We investigated the possibility of direct synthesis of mesoporous silica from supersaturated silicic acid dissolved in high-temperature geothermal water. The use of geothermal water has advantages in that the high water temperature (ca. 100 °C) can supply sufficient thermal energy for the synthesis of mesoporous silica, and that monosilicic acid is dissolved at high concentration. To date, there have been many articles on the synthesis of mesoporous silica by adding CTAB to silica scale formed in pipes in geothermal plants26,27,28,29. There have been no reports on the direct synthesis of mesoporous silica from geothermal fluids. Kitsuki et al.30 described the selective removal of polysilicic acid from geothermal water at the Hatchobaru Geothermal Power Plant, Oita, Japan, by using CTAB, and indicated that dissolved silica in geothermal fluids can be effectively recovered.
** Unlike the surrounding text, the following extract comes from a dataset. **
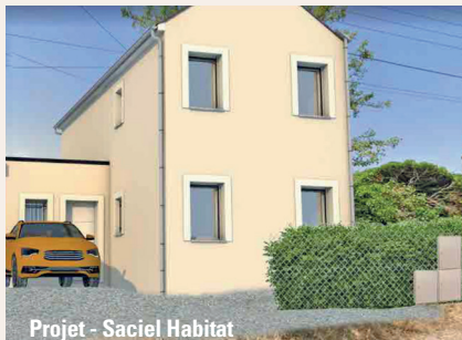
Projet - Saciel Habitat

La toiture sera dotée de panneaux photovoltaïques côté sud. ■

However, their report did not mention the formation of mesoporous silica.

In the present study, we examined conditions under which mesoporous silica can be directly synthesized from geothermal fluids at the Onuma Geothermal Power Plant. Since silicic acid exists as monosilicic acid at the time of sample collection, the formation processes for mesoporous silica with the cationic surfactant can be determined. It is conceivable that a silica network could be formed through dehydration and condensation-polymerization in the presence of CTAB, a process similar to the formation process for polysilicic acid in a high-temperature solution2,31. We investigated the change in silicic acid concentration over time when CTAB was added to geothermal water. We also examined the properties of precipitates that were recovered from the geothermal water at different pH conditions.

Results and discussion

Variation of monosilicic acid concentrations after sampling of geothermal water

Figure 1 shows the variation with time of the concentrations of monosilicic acids in the Onuma geothermal water at pH 7 to 11 after sampling. The concentrations of each were similar, and little change with time was observed. More than 420 mg/L of monosilicic acid was present, indicating that most of the silicic acid was present as monosilicic acid. This suggests that polymerization of silicic acids was slow in the sampled geothermal water. The solubility of silicic acid in water at 90 °C is 380 mg/L32 and the Onuma water is supersaturated at approximately 95 mg/L. At such a low degree of silica supersaturation, the polymerization rate for monosilicic acid is low. Since monosilicic acid needs to be combined with CTAB at the initial stage of mesoporous silica formation, the geothermal fluid used in this study is suitable for the formation of mesoporous silica.

Figure 1
figure 1

Change over time of monosilicic acid concentration in tested solutions.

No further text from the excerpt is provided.